Esta é uma forma de ver as coisas. De forma alguma poderemos afirmar com toda a certeza que é a correcta, mas é uma que é bem argumentada, e uma que, a comprovar-se, terá sérias consequências no gaming. Acima de tudo, é uma que, para quem realmente gosta do gaming, deve temer.



A realidade é que a própria industria mostra receio, e é realidade também que o streaming existe desde há alguns anos. Os resultados de quem está nesses serviços, foram até hoje desastrosos. Fechos, falências, e insucesso foram a tónica dominante. Um cenário que se pode alterar com as melhorias que se prevêem vir a existir no futuro.

Mas o grande problema do streaming não é a questão técnica. O grande problema do streaming surge exactamente se a questão técnica for superada e a qualidade do ofertado se aproximar da qualidade do jogo local. Aí é que a questão dos pagamentos mensais levanta problemas. A divisão da receita por dezenas ou centenas de empresas, dando meros cêntimos a cada uma não permite a recuperação rápido dos investimentos, limitando a aposta no que pode ser feito. A qualidade dos jogos decairá por consequência, e os videojogos, tal como os conhecemos desaparecerão. Entraremos num mercado de jogos de consumo rápido, superficiais, e em tudo semelhante ao que vemos atualmente no mercado móvel.

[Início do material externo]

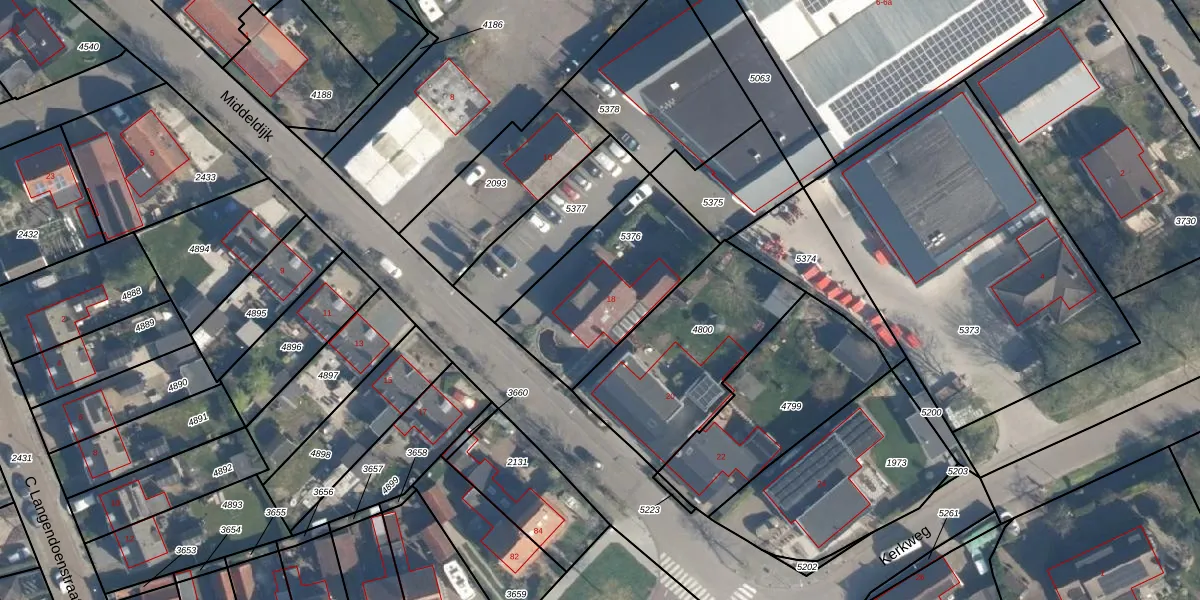 Middeldijk 18 is gelegen op kadastraal perceel RKJ00C5376. Deze kadastrale aanduiding is uniek en wordt gebruikt door het Kadaster om eigendomsrechten en andere zakelijke rechten vast te leggen. Het perceel maakt onderdeel uit van de kadastrale gemeente Rockanje.
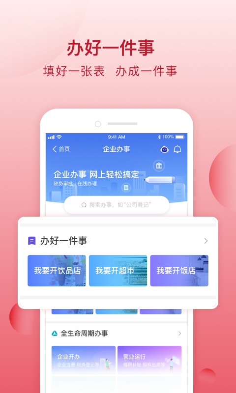 2.办好一件事:提供主题事项的移动端办理,目前已上线“我要开超市”、“我要开饭店”等八十项办好一件事主题服务。
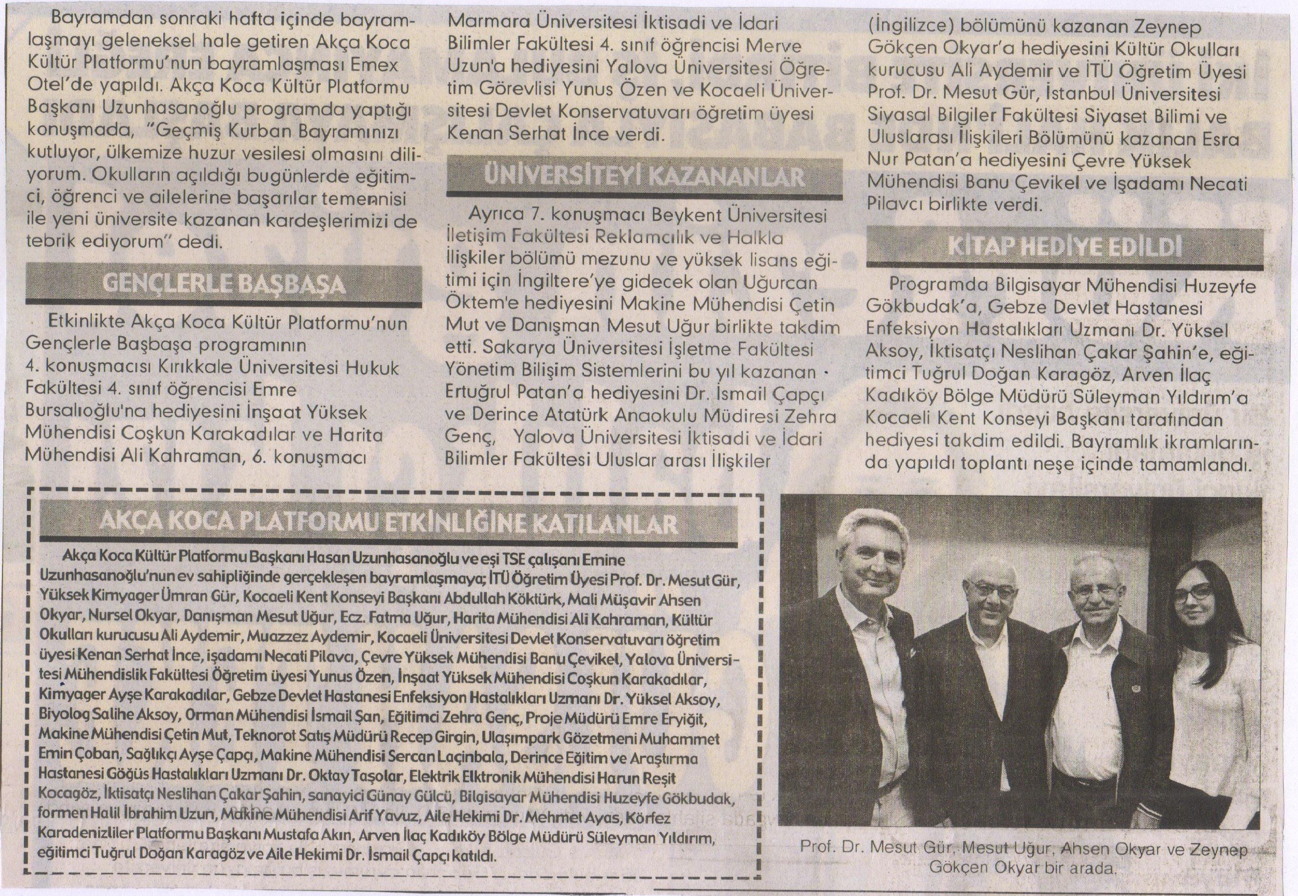 Akça Koca Kültür Platformu Başkanı Uzunhasanoğlu, 'Geçmiş Kurban Bayramınızı kutluyor, ülkemize huzur vesilesi olmasını diliyorum. Okulların açıldığı bugünlerde eğitimci, öğrenci ve ailelerine başarılar temennisi ile yeni Üniversite kazanan kardeşlerimizi de tebrik ediyorum.' dedi.
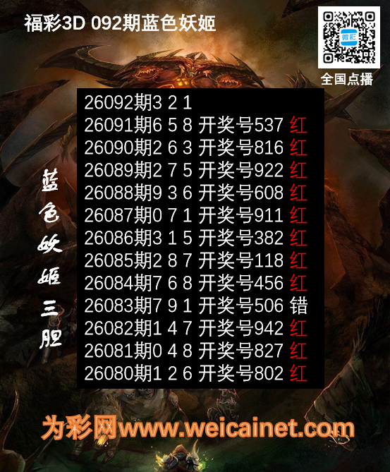 • 福彩3D26092期胆码 蓝色妖姬胆码图
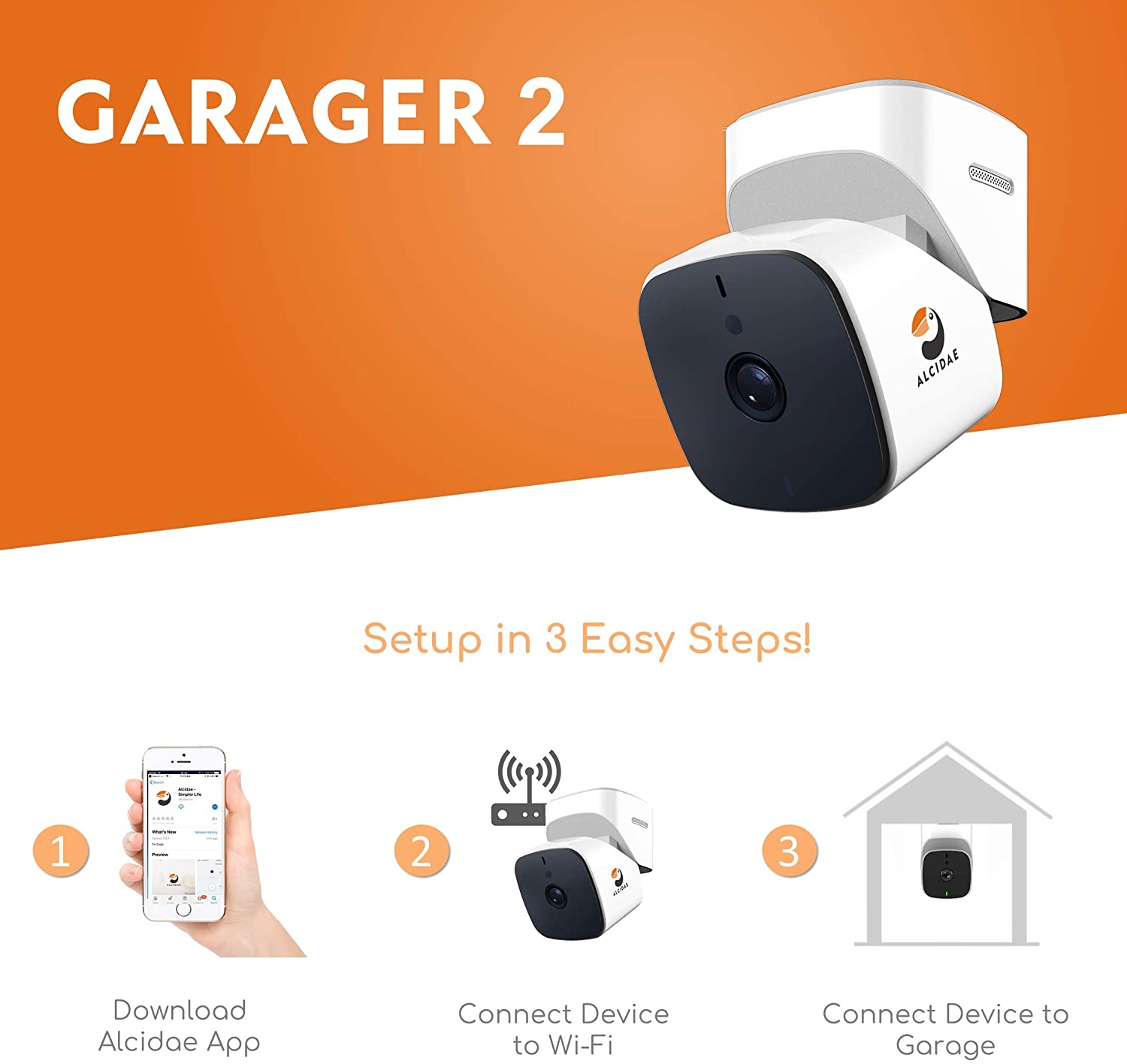 - [ Complete garage solution ] - Universal garage door opener remote and garage surveillance all in one. Operate your garage door from the Alcidae app, anywhere!
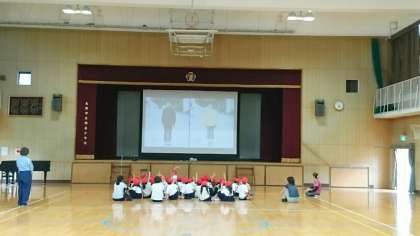 講堂でDVDを見ながら交通事故防止の注意点を学び、運動場では低学年は正しい道路の歩き方、中高学年は自転車利用時のルールを分かりやすく教えていただきました。

E tudo isto devido a uma vontade extrema das empresas de alcançar um mercado maior. Algo que como este artigo refere, nem sequer é preciso, pois Fortnite alcançou esses mercados todos sem a necessidade da criação de uma plataforma que coloque em causa tudo o que existe actualmente.

Da parte que me toca, não é o futuro que me agrada. Não é que goste de pagar 70 euros por um jogo. São caros, muito caros! Mas o certo é que não só possuo a alternativa para os comprar mais baratos (usados, ou com algum tempo de mercado), como sei que desta forma, continuarão a sair em qualidade e quantidade grandes títulos que me interessam jogar.

É por isso um mal que vem por bem. E algo que, na parte que me toca, não quero alterar, especialmente dada a qualidade de jogos como os que tive nesta geração.